For four months, I mulled ideas of what to do with these four panes of glass. We were on another trip to Disneyland following my nieces wedding. While our three families posed for a group portrait, I took a moment to enjoy the tall Napa Rose stained glass windows. I realized while admiring the glowing light through the Frank Lloyd Wright inspired windows in the main dinning room, the window was the answer. Namely because I immediately remembered 5 years earlier, Clem and I did a date night together there while my mom and mother-in-law babysat the kids in their hotel rooms for the night. I think my mom actually had all three in her room watching a movie. It was an evening I’ve remembered fondly, especially that my mother, who would pass three years later, helped make it happen.

This now  brings us to the first pane I thought of first, but the second panes that was completed for the project. The pane would be based on a Frank Lloyd Wright window design, an obvious choice for our craftsman inspired project. The problem was a plethora of options. I’ve been lucky enough see and tour a few homes by Wright over the past few decades. But my first real exposure to his work was in 94 when I surveyed a design class at RISD that had a section on Wright stained glass works. I got the luxury to see several pieces from the Martin House in New York and did a field trip up to Buffalo, New York to see the house before it started restoration in the 90s.

The finished pane inserted.

The design I settled on was actually one of the hundreds of designs Wright made in his lifetime but never produced. The design was used on the cover of Liberty Magazine in 1926, called the Suguaro Forms & Cactus Flowers. It would go on to be one of the most notable works to inspire other artists to build their own versions of the window design. I love the history of this pane and the color palette was an additional draw to choosing it. The green color palette will ensure it’s placement in the 4 lights of the sun tunnel. This was also the most intricate of the four designs I chose. Wright's inspiration is throughout the house. From the narrow staircase windows, to the square prairie window panes used in most of the house.  This pane was actually the second pane to be produced. Coming next, a double whammy, pane 2 and 3.

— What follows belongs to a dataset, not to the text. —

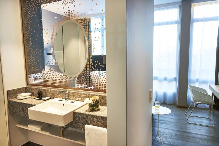 Our very special Junior Suites impress through their spaciousness and elegant design purism. · 47 sqm · partly view to the Alps · one-room suite with lounge area · one double bed or two separate single beds · air conditioning · floor to ceiling windows · antiallergic real wood floors · bathroom with shower or tub · minibar · coffee machine and water heater · free Wi-Fi · smart TV

The Biltmoe Hotel’s Saguaro Forms & Cactus Flowers Window 1973 

While Saguaro Forms & Cactus Flowers design was never produced during Wright’s lifetime. The design would be used in the Arizona Biltmore Hotel almost 20 years after Wright’s death. The Biltmore more was built in the 1920’s and was designed by Albert Chase McArthur, who was a draftsmen for Wright for two years. The hotel design references Wright’s work and Wright himself helped with the project for a period of time. In the 1970’s the Biltmore underwent a renovation and the owner commissioned a group of Wright’s students to build the full-size window for the hotel. Adding this piece was a no brainer.